How much strain is to weight.

Thread Starter

Vindhyachal Takniki

Joined Nov 3, 2014
594
This is bit silly question or I don't know how exactly to post.
I have a circuit with 20 microstrain resolution.
I want know how much force I have to apply on strain gauge so that it provide 20 microstrain change.

Obviously that change will come with change in resistance. That math I can calculate.

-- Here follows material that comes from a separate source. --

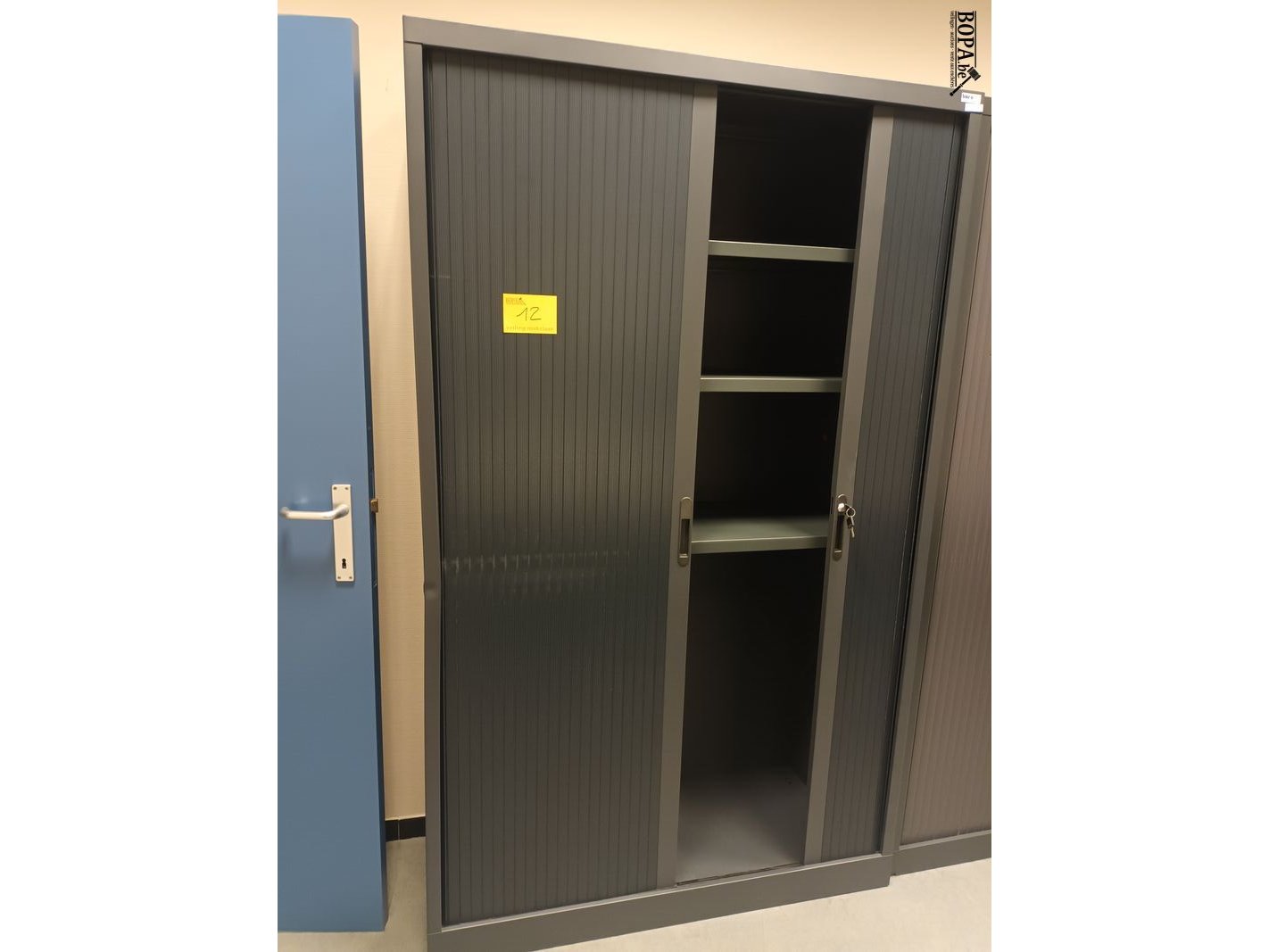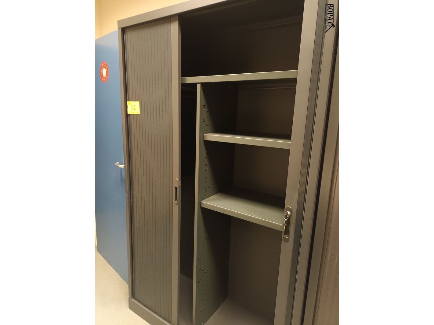 Hoge antraciet roldeurkast. 120 x 45 x 198 cm. Met slot en sleutel.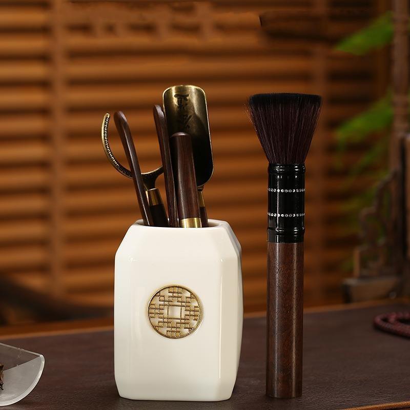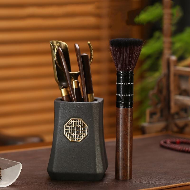 Juego de té de cerámica transfronterizo personalizado para seis caballeros, juego de té de Kung Fu, accesorios, suministros, pinza, cepillo, mesa de té, preparación de té

But I want to know how to force applied to strain
 

wayneh

Joined Sep 9, 2010
17,498
You have not provided enough information. 20µ-strain means a 20ppm deformation from the original. You have to know the properties of the device being deformed in order to relate the ppm deformation into an absolute force.
 

studiot

Joined Nov 9, 2007
4,998
Wayne is right, you are short of information. The Force a strain gauge measures is in (applied to) the deforming body it is attached to, not in the stain gauge itself.

Do you understand how strain gauges work?

Incidentally 'resolution' has nothing to do with your question.
Resolution is always the smallest difference in the measured quantity (strain in your case) your equipment can distinguish.

So a voltmeter with 0.01 volt resolution can distinguish between 5.00 volts and 5.01 volts, but not between 5.006 volts and 5.010 volts and so on.